As winter storms continue to cherry-pick their impact around Wyoming, snowpack levels have made a slight increase on average.

Snowpack in Wyoming is up to 104% of the median, a 16% increase from the end of December. It's an improvement from this time last year when snowpack was at 76% of the median, and it's just 4% behind the 2020 level.

“Being above average is good,” said National Weather Service hydrologist Tony Anderson. “In order for those numbers to remain above normal, we’re still going to depend on a regular supply of snow as the season unfolds.”

Early this week, snowpack in the Laramie Basin, which covers much of Albany County was measured at 121% of the median, the same as in 2020. Last year, snowpack was 68% of the median on Jan. 11.

Snowpack also is below average in the South Platte Basin, which covers Cheyenne and the southeastern corner of the state, landing at 62% of the median Jan. 11. At the same time last year snowpack was at 114%. Although below its median level, the South Platte snowpack has improved from the 31% level it was at as of Dec. 28.

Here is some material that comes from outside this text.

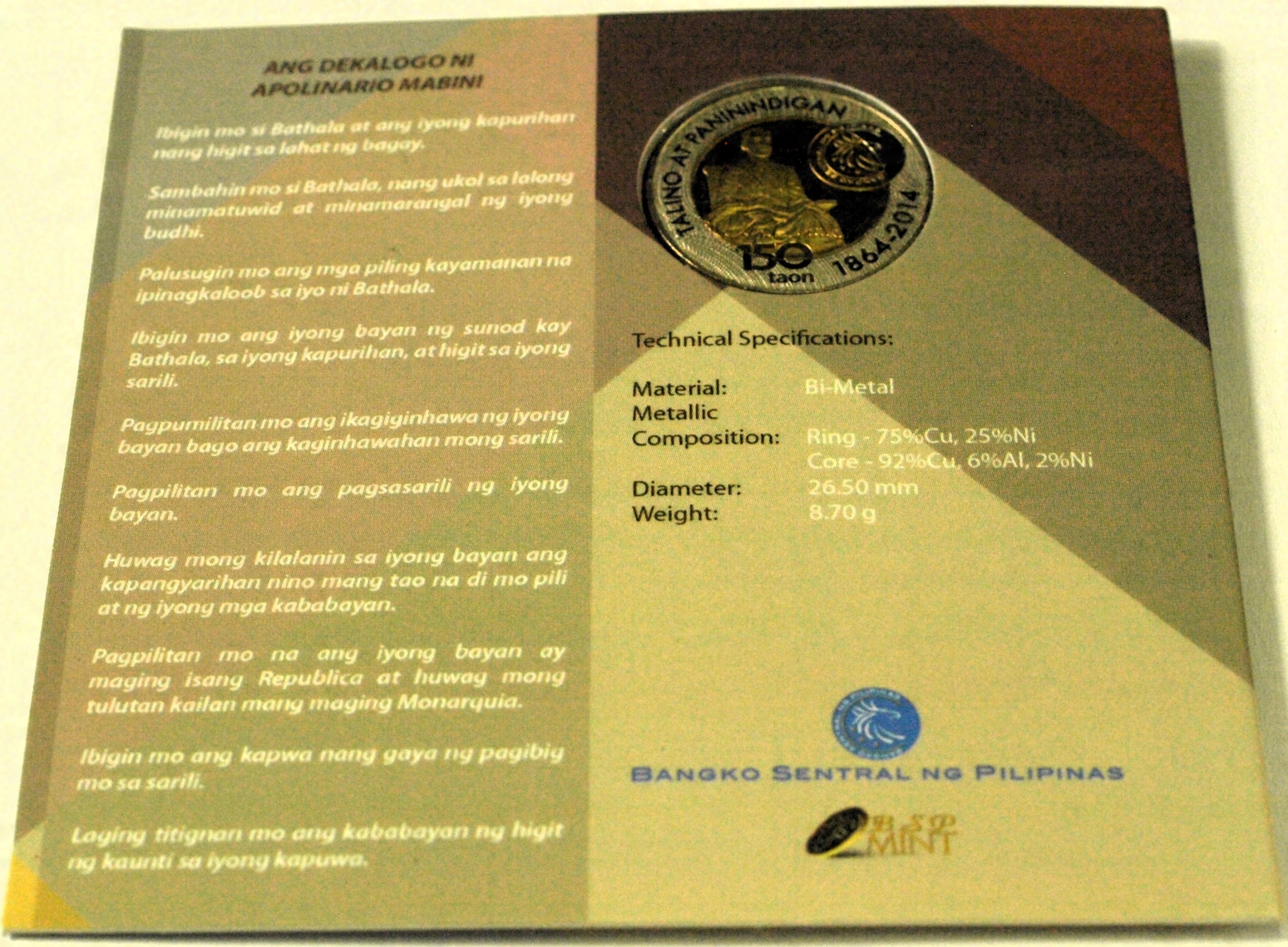 Блістер Аполінаріо Мабіні 10 песо песо 2014 Філіппіни. Оригінал. ПЕРЕВІРІТЬ ІНШІ АУКЦІОНИ - ЗБИРАЙТЕ РІДКІСНІ ЦІННОСТІ З НУМІЗМАТО!

The Lower Green River Basin is at 130% of the median, up from 2021 and 2020, which were at 85% and 128% respectively. And the Upper Green River Basin was close at 121% of median this week. Between them, the basins cover the southern part of Wyoming through Rawlins and Rock Springs.

The numbers also reflect an increase of precipitation for the southwestern parts of the state.

“We had a fairly robust late December that really picked up all across the state,” Anderson said. “The difference has appeared generally in the last month.”

Anderson noted that it's still early in the snow season, so precipitation rates can change.

The city of Laramie could be see about an inch of snow Friday with a cold front passing through, said Lauren Kubelka, a meteorologist at the National Weather Service office in Cheyenne. While forecasters don't expect a lot of snow, strong winds gusting over 40 mph will cause some visibility problems for drivers.

At higher elevations, 4-5 inches of snow could fall on the Snowy Range Mountains through Friday morning, according to the National Weather Service.

Highs are expected to stay in the 30s, with lows in the teens over the weekend, with wind gusts between 30 and 40 mph Friday.

Cheyenne and Rawlins are expected to get a dusting of snow, if any.